The Euro (EUR) extended upside movement against the US Dollar (USD) on Thursday, increasing the price of EUR/USD to more than 1.2750, the fourth straight gain after the steep 1000 pips fall over the past few weeks. The long term bias however remains bearish due to Lower Low on the daily chart.
As of this writing, the pair is being traded around 1.2762. A hurdle can be seen near 1.2780, the 23.6% fib level ahead of 1.2954, the 38.2% fib level and then 1.3095, the 50% fib level as demonstrated in the following chart.
On the downside, the pair is expected to find a support around 1.2621, the intraday low of yesterday ahead of 1.2500, the low of the recent downside move as well as psychological number. The pair is expected to take some retracement before resuming the downside dips.

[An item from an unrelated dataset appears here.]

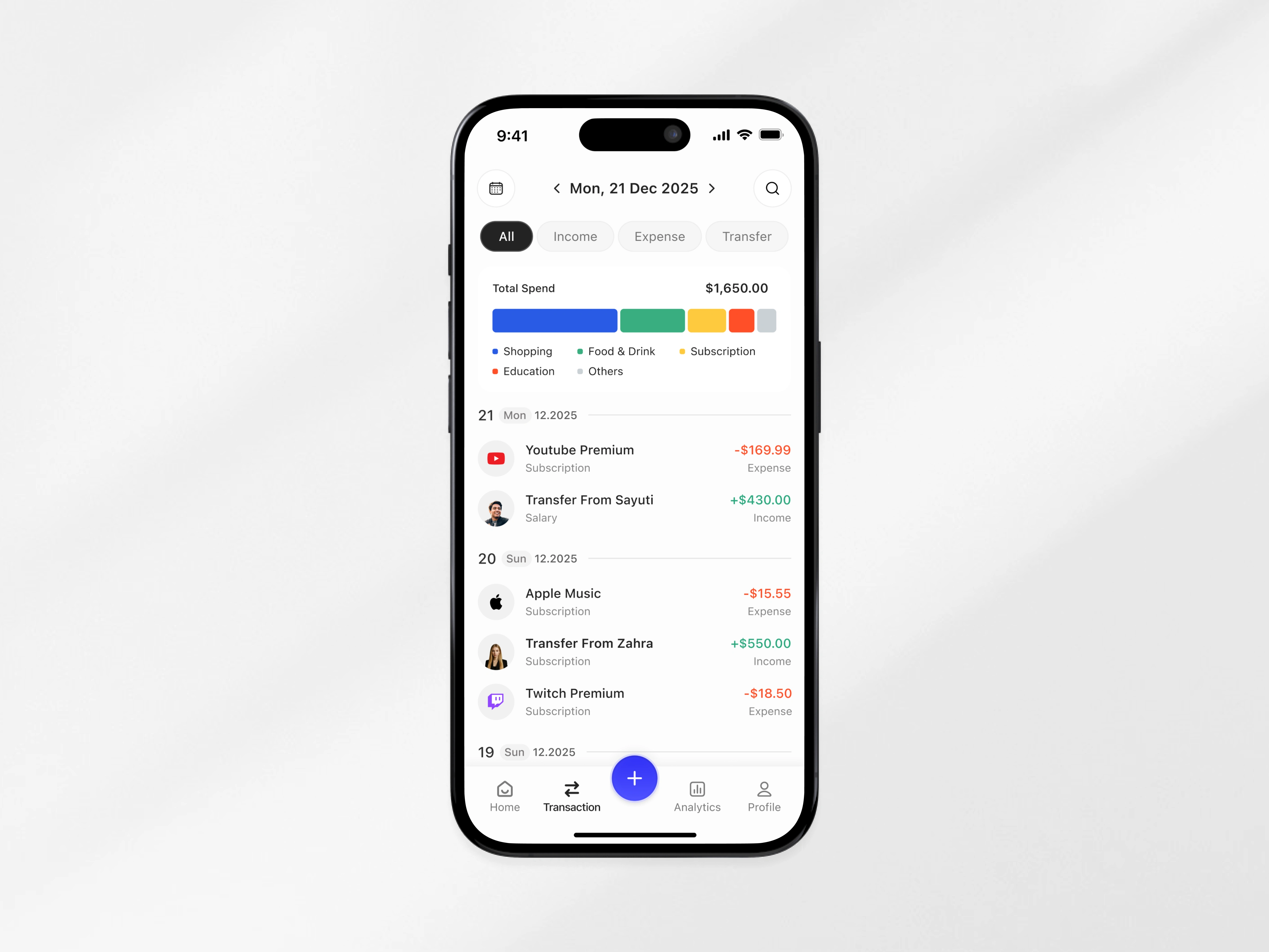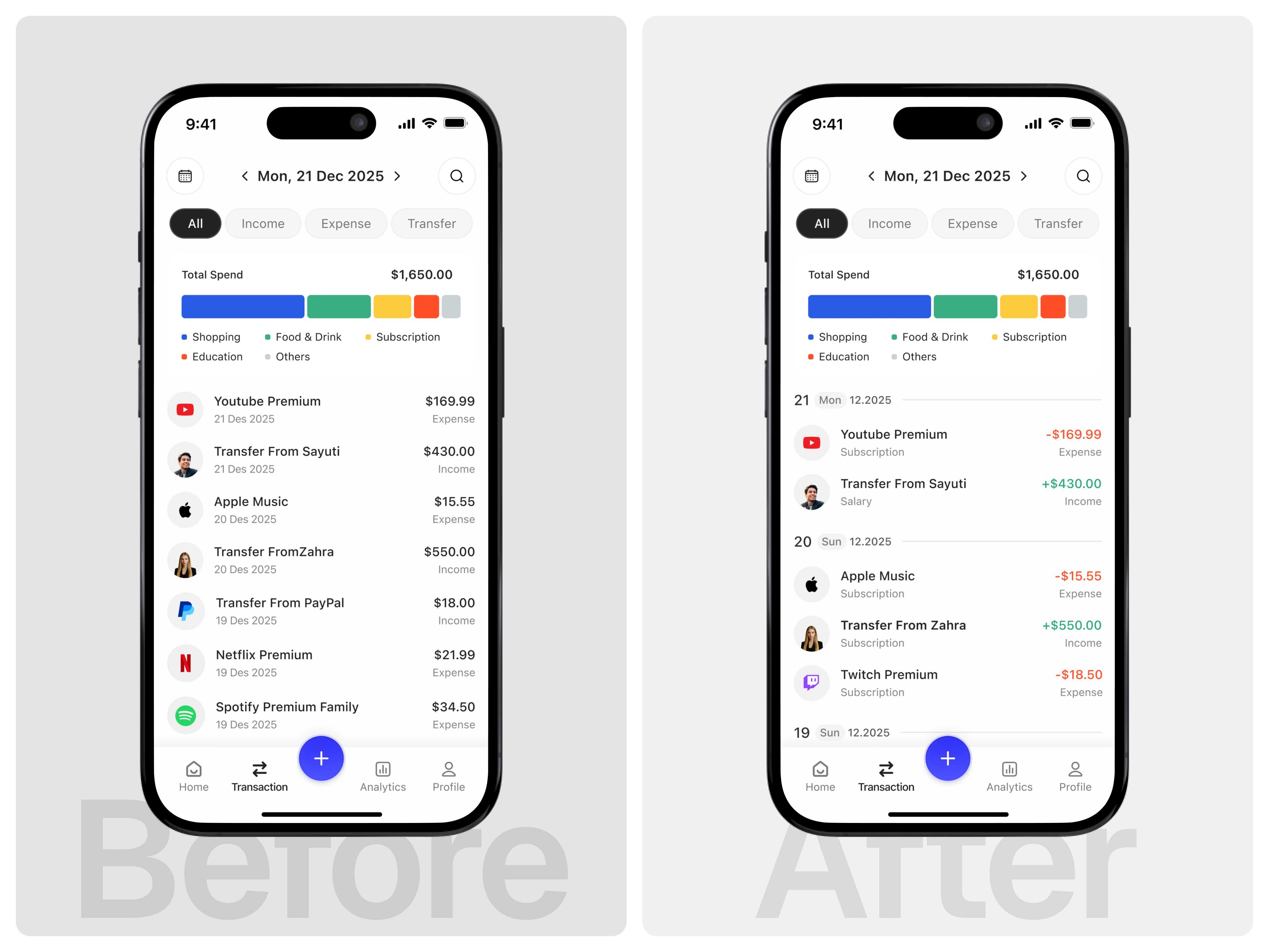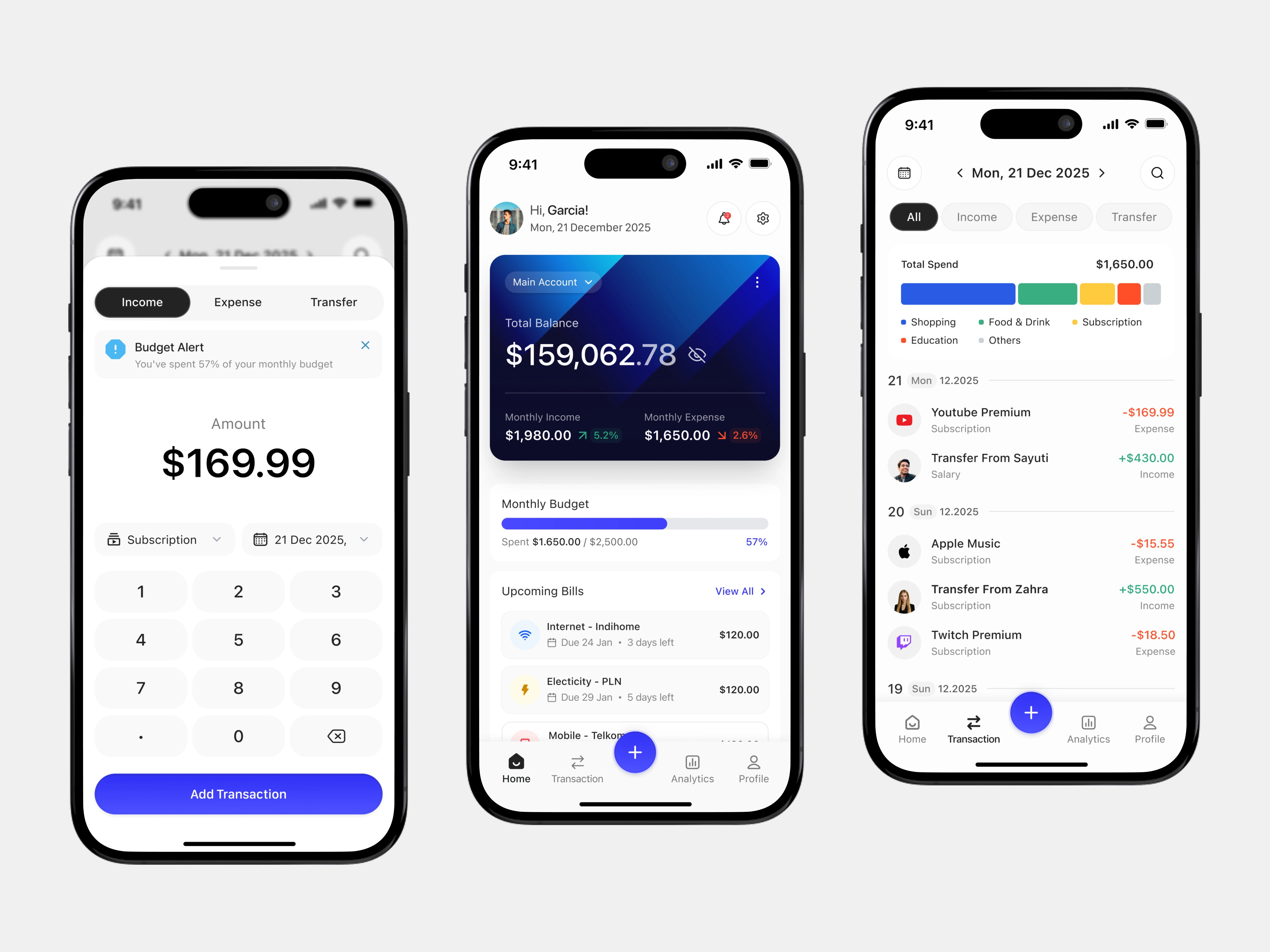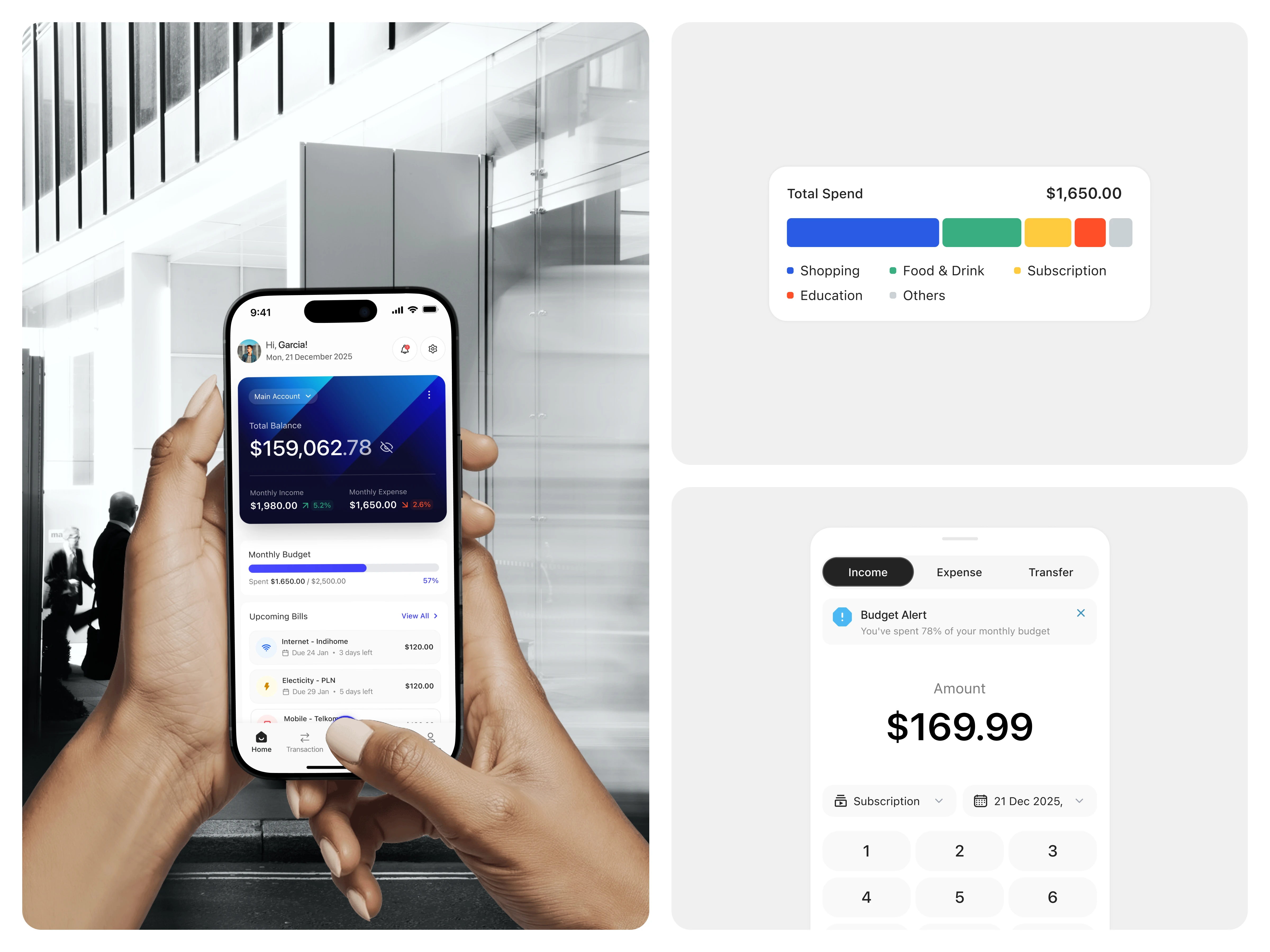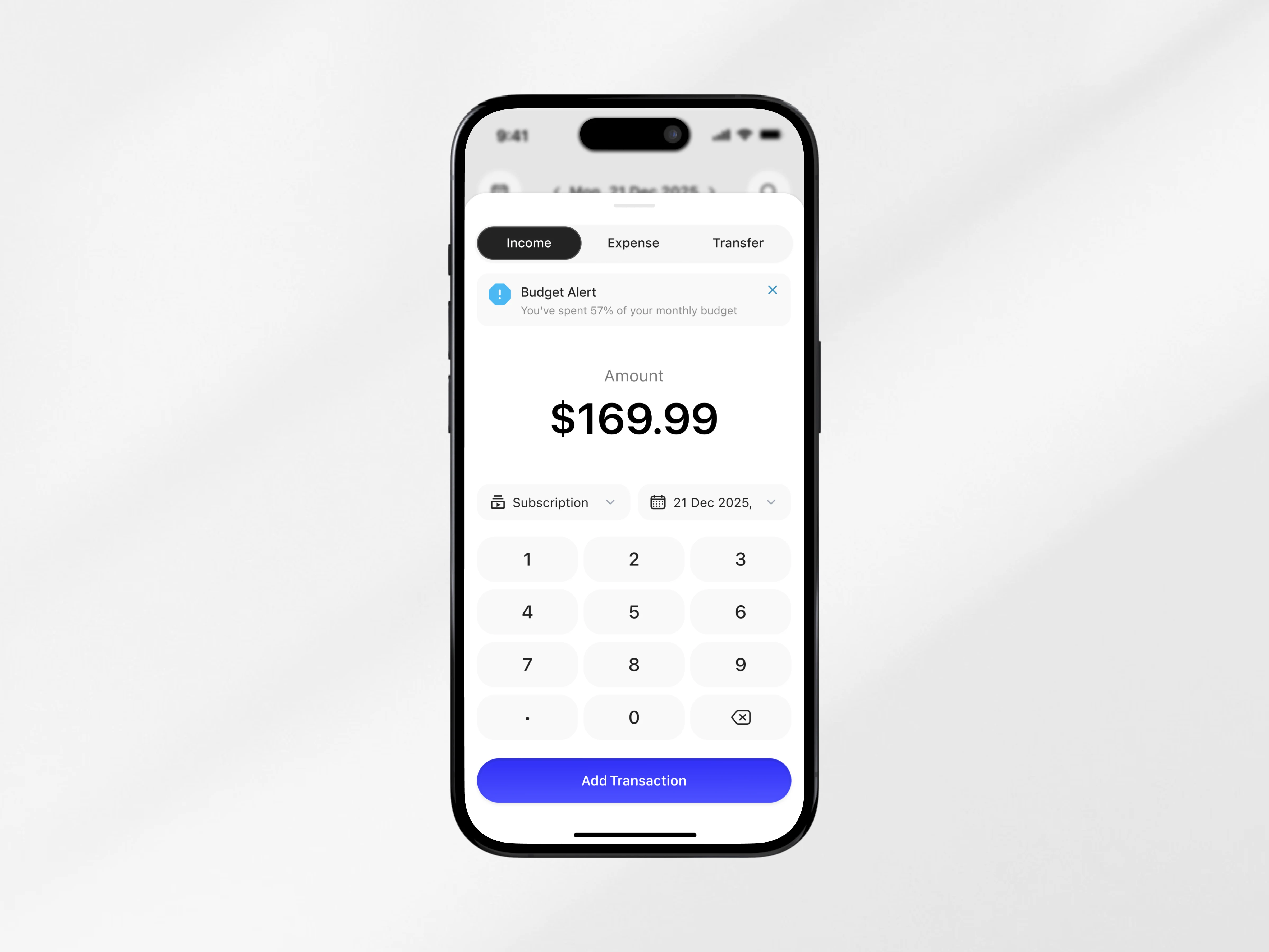 We designed the app with a mobile-first mindset, focusing on clarity, accessibility, and quick interactions. Key financial information such as total balance, monthly income, expenses, and budget usage is surfaced immediately. Clear categorization, subtle alerts, and friendly visual cues guide users through daily transactions without friction.

The European Central Bank (ECB) head Mario Draghi is due to speak today during the US session. Investors will be eyeing his remarks very closely to gauge the future monetary policy outlook of the shared economy. The recent monetary policy statement was lacking the details about measures that could be considered to save the recession-hit economy; the lack of details was considered positive and consequently spurred bullish momentum in the price of EURUSD.
The US Central Bank yesterday released the minutes from the FOMC Monetary Policy Meeting which took place a few days back. The minutes showed overall dovish sentiment among the policymakers as they looked concerned about the global slowdown and strong US Dollar.
Keeping in view the overall technical and fundamental outlook, buying the pair on dips appears to be a good strategy in short to medium term as long as the 1.2500 support area is intact.